Suppose that outcome can be either of events A or B (but never both) with probabilities 0.4 and 0.6 correspondingly in case event X happens. If mutually disjoint to X, event Y occurs instead then probabilites of A-B distribute evenly, like .5 and .5. These data can be summarized in a Markov matrix:

${\begin{matrix}&X&Y\\A&P(A|X)&P(A|Y)\\B&P(B|X)&P(B|Y)\end{matrix}}\quad =\quad {\begin{matrix}&X&Y\\A&.4&.5\\B&.6&.5\end{matrix}}$ Here, P(A|X) stands for probability of event A provided that X has occurred. A|X generally denotes a conditional probability of event A under condition X.

Note that the sum of columns adds up to 1 since their entries represent mutually exclusive events.

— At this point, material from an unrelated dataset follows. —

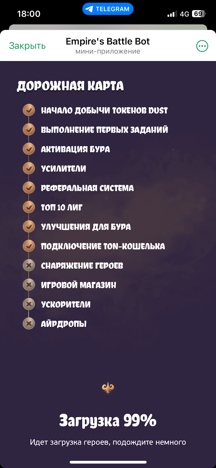 Процесс загрузки тапалки «Эмпаерс Батл» занимает некоторое время. Поэтому разработчики игры Empires Battles на лоадскрине разместили дорожную карту проекта. Из нее, в свою очередь, следует, что данный проект планирует стать масштабной GameFi-экосистемой.
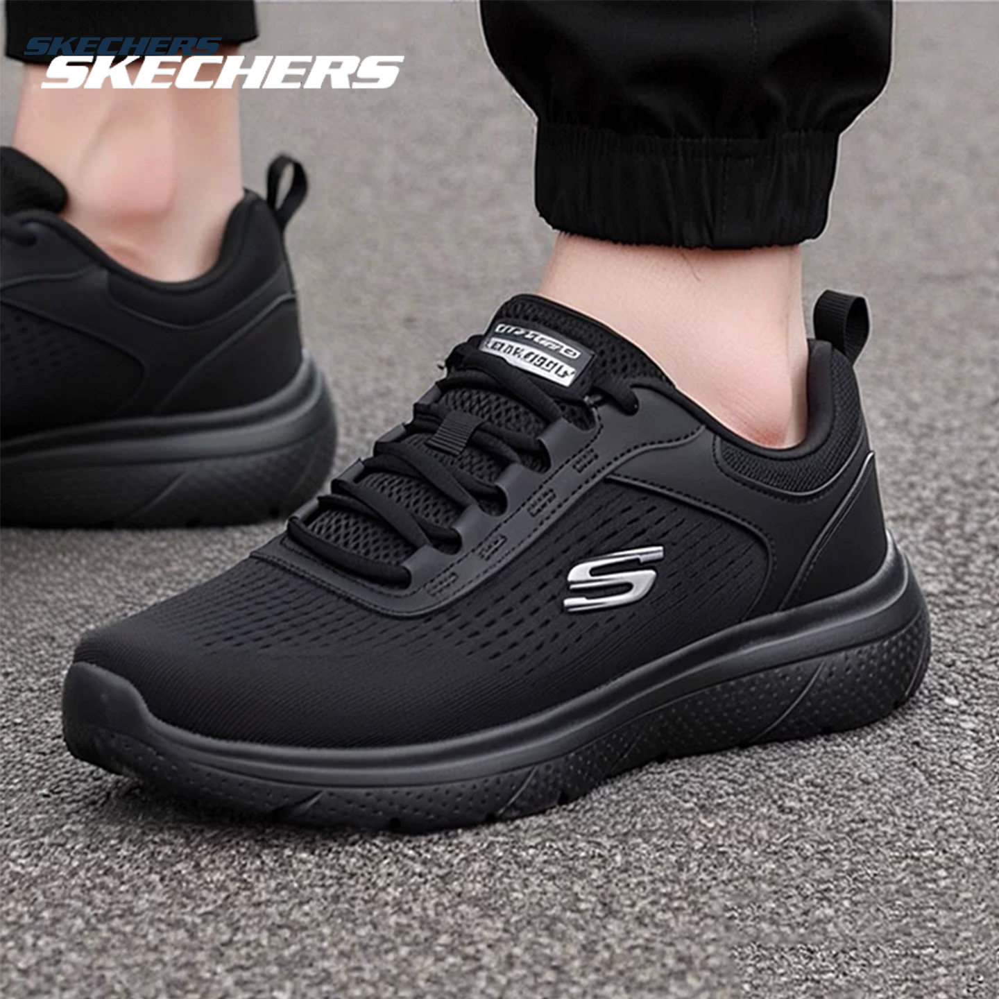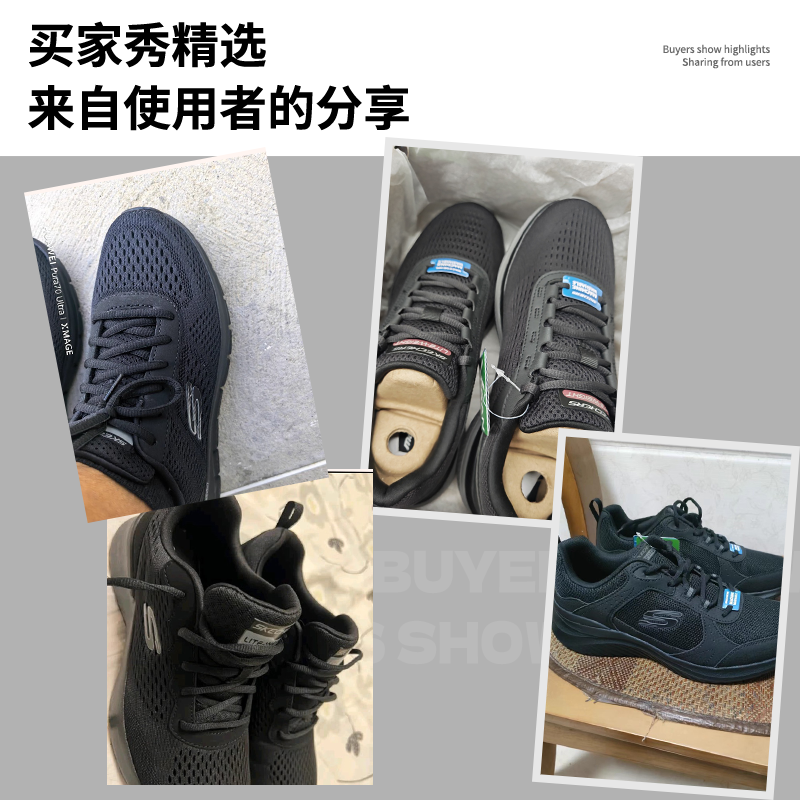 天猫斯凯奇男鞋秋冬新款官方网面跑步鞋黑武士官方正品纯黑鞋子运动鞋

Now, suppose that X can occur with probability .8 and Y has probability of .2. We multiply the first unit/column with .8 and second with .2 so that the joint distribution breaks down into

1 * .8 + 1 * .2 = 1 * (.8 +.2) = 1 * 1 = 1 = 1 * .8 + 1 * .2 = (.4 + .6) * .8 + (.5+.5)/5 = (.32 + .48) + (.1 + .1)

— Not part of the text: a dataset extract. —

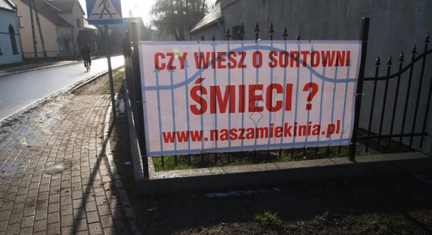 Mieszkańcy gminy Miękinia obawiają się budowy sortowni i kompostowni śmieci. Powołali stowarzyszenie, które rozwiesiło transparenty „Czy wiesz o sortowni śmieci?”.

where first parenthesis is a sum of event probabilities under X and .1 + .1 are probabilities under event Y

This can be represented again by matrix again

${\begin{matrix}&X|_{P(X)}&Y|_{P(Y)}\\A&P(A\land X)&P(A\land Y)\\B&P(B\land X)&P(B\land Y)\end{matrix}}\quad =\quad {\begin{matrix}&X|_{P(X)}&Y|_{P(Y)}\\A&P(X\land A)&P(Y\land A)\\B&P(X\land B)&P(Y\land B)\end{matrix}}\quad =\quad {\begin{matrix}&X|_{.8}&Y|_{.2}\\A&.32&.1\\B&.48&.1\end{matrix}}$ Note that columns now add up to .8 and .2 correpsondingly whereas all table adds up to .8+.2 = 1. We have got a 2-dimensional distribution of probability. In every cell we have the joint probability of pair of events occurring, e.g. P(A∩X) = .32. The probability of conjunction A∩X is less than the probability of components (A|X) and X alone because probability under X, probability of every column, added up to 1 in the conditional probability table but it adds to P(X) ≤ 1 in the joint distribution table.

This fact, that column $P(A_{1}\land X_{i})+P(A_{2}\land X_{i})+\ldots =P(X_{i})$ adds up to marginal probability of the column Xi, that is a probability that randomly drawn event ends up in the column i, enables us to recover the conditional probabilities. We just need to divide every $P(A_{j}\land X_{i})$ in the column i by P(Xi):

${\begin{bmatrix}P(A|X)\\P(B|X)\end{bmatrix}}={\begin{bmatrix}P(A\land X)\\P(B\land X)\end{bmatrix}}{1 \over P(X)}={\begin{bmatrix}.32\\.48\end{bmatrix}}{1 \over .8}={\begin{bmatrix}.4\\.6\end{bmatrix}}$ The relationship

$P(A\land X)=P(X)\cdot P(A|X)$ is a basis for famous w:Bayes' theorem $P(X)\cdot P(A|X)=P(A)\cdot P(X|A)$ because we can symmetrically condition the probabilities within the rows by probabilities of observing the rows:

${\begin{bmatrix}(.32+.1)/p_{a}\\(.48+.1)/p_{b}\end{bmatrix}}={\begin{bmatrix}1\\1\end{bmatrix}}={\begin{bmatrix}(.32+.1)/.42\\(.48+.1)/.58\end{bmatrix}}={\begin{bmatrix}.76+.24\\.83+.17\end{bmatrix}}={\begin{bmatrix}P(X|A)+P(Y|A)\\P(X|B)+P(Y|B)\end{bmatrix}}$ That is, conditional probability P(X|A) = .76.